To this end again no great revolution in human nature is needed, but only a development of a process which has already in the Co-operative Movement produced astonishing results. The War Savings Campaign has taught millions who never saved money before to save it in order to save their country when threatened by a foreign enemy. All that is needed is that this process should be continued to save the country from the internal enemy that sets class against class. We want a financial organization by which wage-earners’ savings, that now go into Government securities, can go into industry without having to face the risk that is attached to investments in any particular industry or company. This is a problem that financial ingenuity should surely be able to solve. The workers have already shown that they can become capitalists, but what is wanted is that more of them, and ultimately all of them, should be capitalists. Then, if the wealthy continue to perceive in a widening circle that it is not good for their younglings to bring them up to idleness, we shall begin to be within sight of a state of things in which every worker is a capitalist and every capitalist a worker.
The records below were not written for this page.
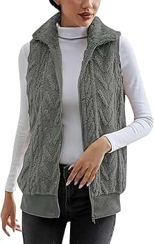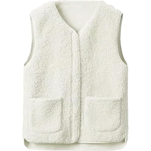• Vaolkwsacz Damen Teddy Fleece Weste - Ärmellose Übergangsweste Mit Taschen
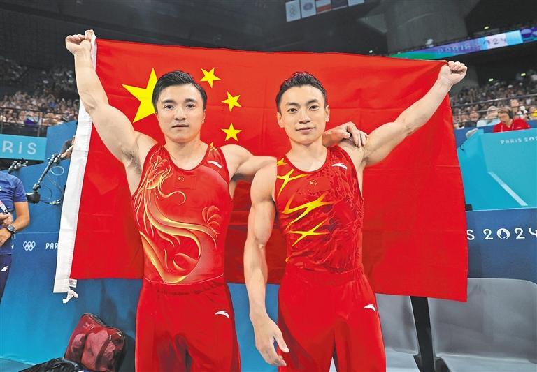 8月4日,在巴黎奥运会体操男子吊环决赛中,中国选手刘洋获得冠军,邹敬园获得亚军,希腊选手佩德罗尼亚斯获得季军。这是中国选手刘洋(左)、邹敬园在赛后庆祝。
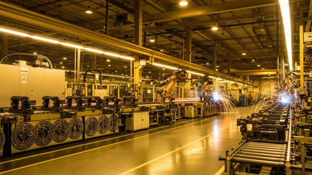 The interior of a brightly lit industrial factory featuring robotic arms, conveyor belts, and sparks from welding operations, with extensive ductwork overhead.
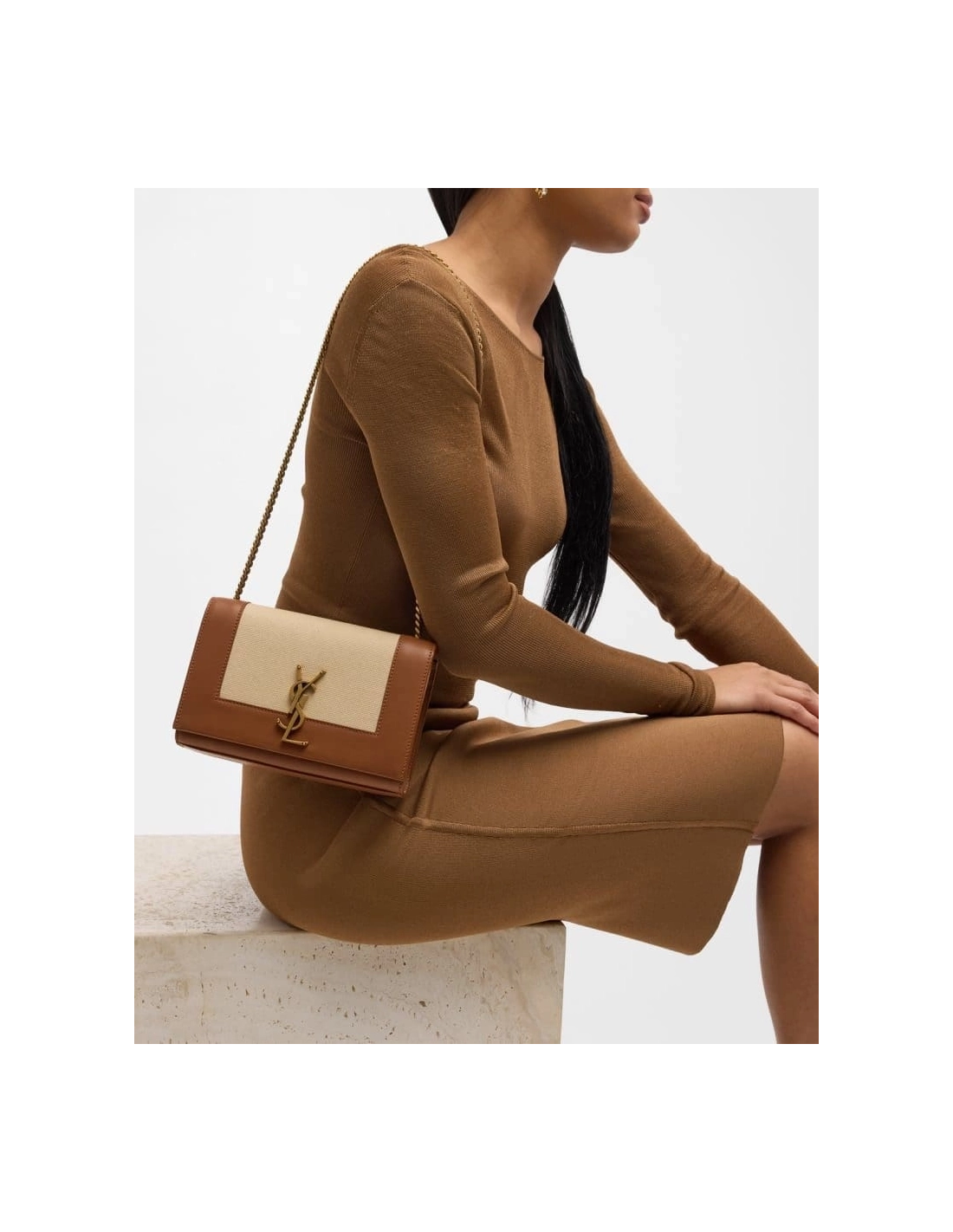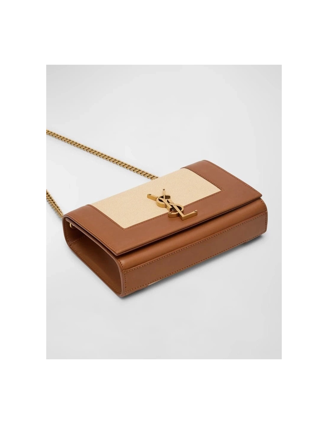 Saint Laurent Kate Small YSL Wallet On Chain In Linen And Leather
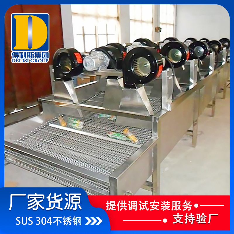 (3) 風干機除水后可直接裝箱,風干機實現(xiàn)連續(xù)作業(yè)(與連續(xù)工作殺菌機配套使用),只需將殺菌后的產品放入輸送網帶,經風干機產生的氣流經噴嘴噴射而出,從而達到包裝除水、除油漬、水垢等效果,即可裝箱入庫。
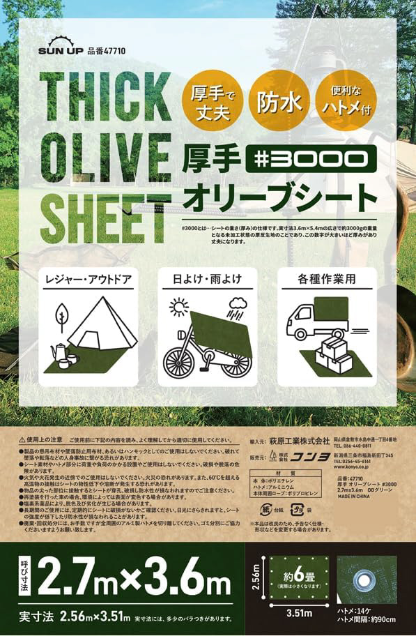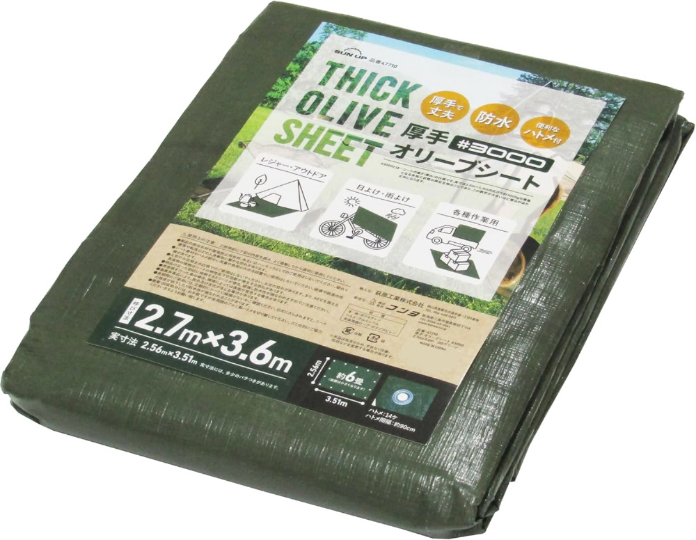 SUN UP 厚手 オリーブシート #3000 2.7m × 3.6m

In the meantime improvements in education should give to all a better chance of material success in life, and open the chance of a career to all who have the necessary gifts of courage, honesty, initiative and readiness to take responsibility. Though, owing to the weaknesses of Capitalism, baser qualities too often earn big rewards, these are the gifts that most surely bring success under it, and they are also the qualities that make a great nation. With these qualities fully developed and given free play, we might produce a country in which all would be competing vigorously in order to supply the needs of the consumer, and, wealth being well distributed, great profits would only be earned by those who served the whole community best. Great profits when earned would be spent sparingly on personal enjoyment, lavishly on worthy public objects, or put back into industry, thereby quickening production and increasing the demand for labour, and material success would be the prize of energy, initiative and courage, wherever found, and so would stimulate the best powers of active, bold and enterprising men and women. Such a system is surely more attractive to those who love freedom than that of State Socialism under bureaucratic control, or Guild Socialism based on monopoly and a society grouped according to function. It would stimulate output to a degree that we can hardly now conceive, and having solved the problem of the supply and distribution of material goods would enable those who lived under it to address themselves to the task of building up a real civilization, and producing a world that should be not only rich, but also beautiful and noble, full of wise and beautiful and noble men and women, competing and co-operating for the common good.

THE END


[1] Page 114.

[2] This platitude I have worked out in detail in a book called Poverty and Waste.—H. W.